PROVIDED ENTRIES.
******************************

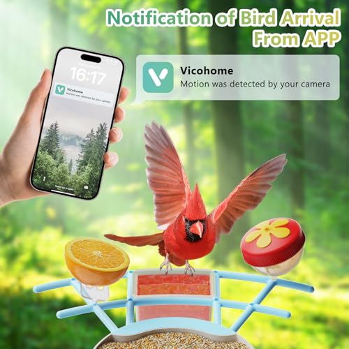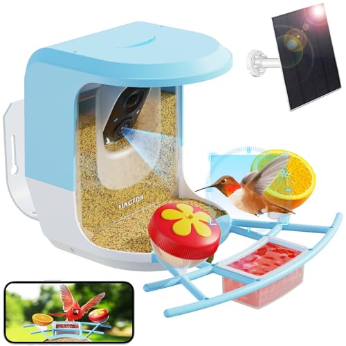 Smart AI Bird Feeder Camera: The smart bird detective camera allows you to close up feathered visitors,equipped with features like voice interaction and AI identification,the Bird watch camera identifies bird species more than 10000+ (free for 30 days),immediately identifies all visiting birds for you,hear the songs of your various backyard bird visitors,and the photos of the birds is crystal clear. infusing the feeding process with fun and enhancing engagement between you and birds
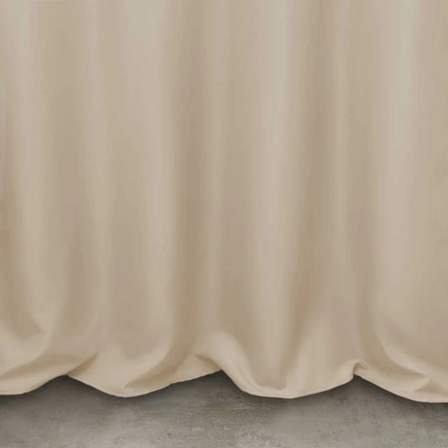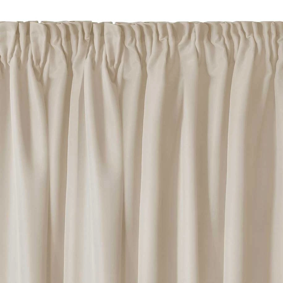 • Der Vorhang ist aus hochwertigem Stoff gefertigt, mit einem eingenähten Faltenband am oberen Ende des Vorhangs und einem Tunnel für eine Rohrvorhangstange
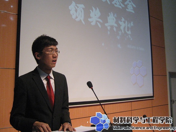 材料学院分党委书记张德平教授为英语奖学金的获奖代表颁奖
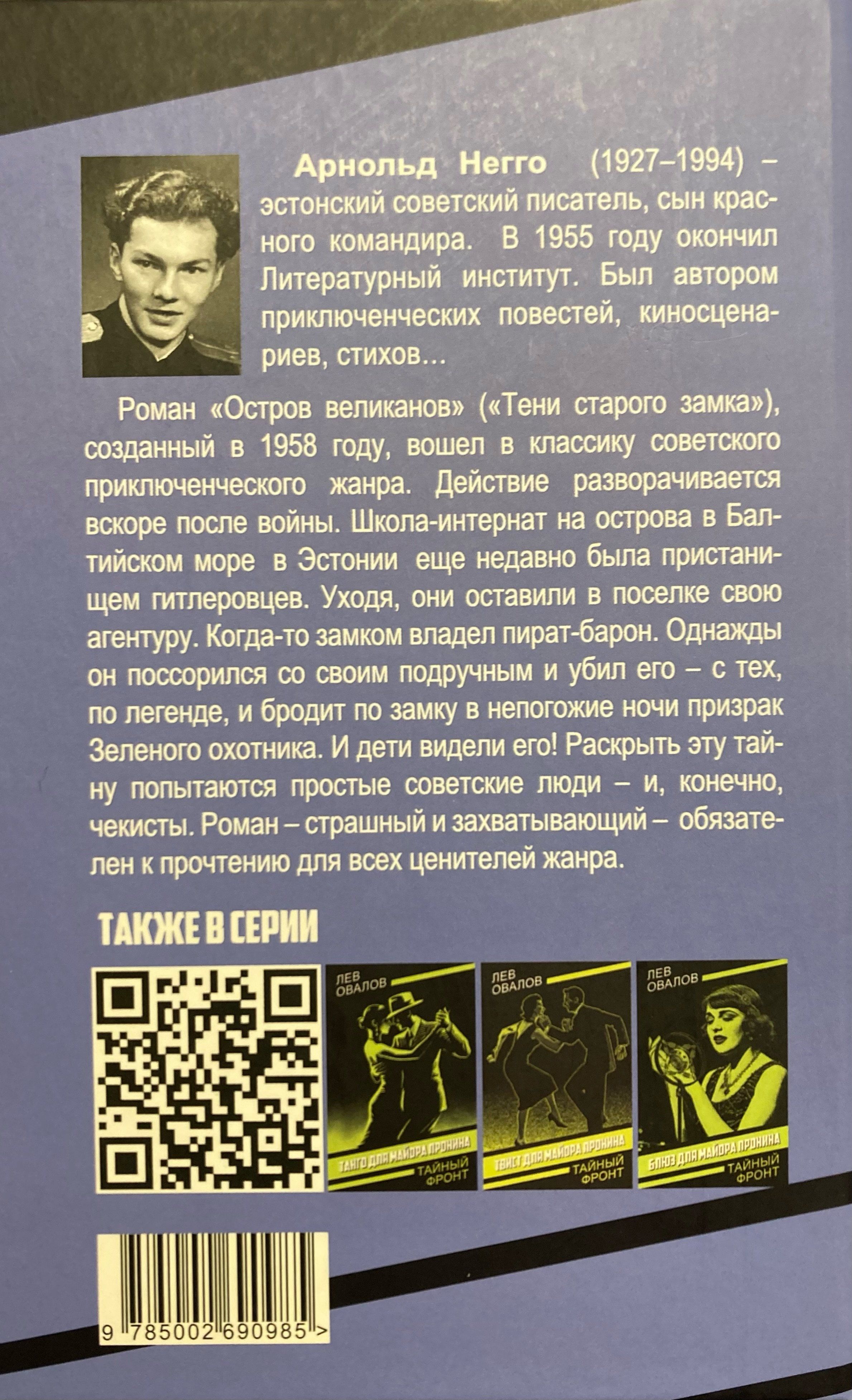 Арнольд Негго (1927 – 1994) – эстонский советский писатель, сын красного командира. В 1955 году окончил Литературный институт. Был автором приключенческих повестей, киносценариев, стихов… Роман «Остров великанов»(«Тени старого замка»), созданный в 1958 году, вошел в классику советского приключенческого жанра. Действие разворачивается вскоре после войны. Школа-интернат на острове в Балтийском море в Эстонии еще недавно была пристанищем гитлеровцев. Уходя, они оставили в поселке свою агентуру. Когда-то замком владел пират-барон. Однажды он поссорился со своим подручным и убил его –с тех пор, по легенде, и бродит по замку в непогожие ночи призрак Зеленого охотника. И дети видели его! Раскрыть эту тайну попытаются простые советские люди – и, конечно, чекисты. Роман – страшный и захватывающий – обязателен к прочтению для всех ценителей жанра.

******************************

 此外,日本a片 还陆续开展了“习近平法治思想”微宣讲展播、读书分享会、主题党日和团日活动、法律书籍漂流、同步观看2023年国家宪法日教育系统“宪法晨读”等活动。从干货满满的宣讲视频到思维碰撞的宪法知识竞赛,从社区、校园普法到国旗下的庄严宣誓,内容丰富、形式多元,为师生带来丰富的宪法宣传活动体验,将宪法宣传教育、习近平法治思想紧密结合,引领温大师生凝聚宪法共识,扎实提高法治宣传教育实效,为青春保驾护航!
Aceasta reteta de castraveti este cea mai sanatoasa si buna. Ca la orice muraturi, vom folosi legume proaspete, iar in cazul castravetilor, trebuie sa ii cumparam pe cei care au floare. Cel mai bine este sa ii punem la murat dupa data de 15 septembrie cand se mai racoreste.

******************************

PROBLEM DESCRIPTION. Only one part of the listing is wanted: the lines from the one containing "Smart AI Bird" through the one containing "材料学院分党委书记张德平教授为英语奖学金的获奖代表颁奖", both included. Please transcribe it exactly, leaving out the pictures.

PROBLEM SOLUTION.
 Smart AI Bird Feeder Camera: The smart bird detective camera allows you to close up feathered visitors,equipped with features like voice interaction and AI identification,the Bird watch camera identifies bird species more than 10000+ (free for 30 days),immediately identifies all visiting birds for you,hear the songs of your various backyard bird visitors,and the photos of the birds is crystal clear. infusing the feeding process with fun and enhancing engagement between you and birds
 • Der Vorhang ist aus hochwertigem Stoff gefertigt, mit einem eingenähten Faltenband am oberen Ende des Vorhangs und einem Tunnel für eine Rohrvorhangstange
 材料学院分党委书记张德平教授为英语奖学金的获奖代表颁奖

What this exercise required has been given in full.